3194 sayılı İmar Kanunu doğrultusunda;
*Mevcut imar hakları yeniden değerlendirilir,
*Yoğunluk, yükseklik ve kullanım amacı gibi kriterler planlarla belirlenir,
*Gerekli altyapı ve sosyal donatı alanları (yeşil alan, otopark, yol vb.) planlanır.
Kentsel dönüşüm projelerinin hayata geçebilmesi için imar planı değişiklikleri yapabilir. Belediye veya Çevre, Şehircilik ve İklim Değişikliği Bakanlığı bu imar planı değişikliklerini gerçekleştirir. Kentsel dönüşüm kapsamında yapılan imar planı değişiklikleri plan bütünlüğüne ve kamu yararına uygun olmalıdır, bu değişiklikler yapının ihtiyaçları göz önünde bulundurularak yapılır.

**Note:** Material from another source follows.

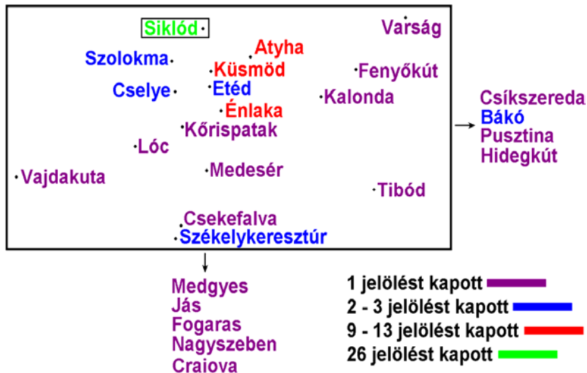
1. ábra : Kedvező helyzetűnek ítélt települések
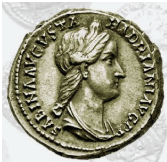
Fig. 4. Reprezentare a împărătesei Vibia Sabina pe o monedă de bronz.

Hukuka aykırı plan değişiklikleri, idare mahkemelerinde dava konusu olabilir. Bu işlemler kamu gücüne dayanarak ve kamu yararı amacıyla tesis edilir. Yapılan değişiklikler taşınmaz sahiplerinin mülkiyet hakkını etkileyebilir. Taşınmaz sahiplerinin itiraz hakkı ve yargı yolu açıktır.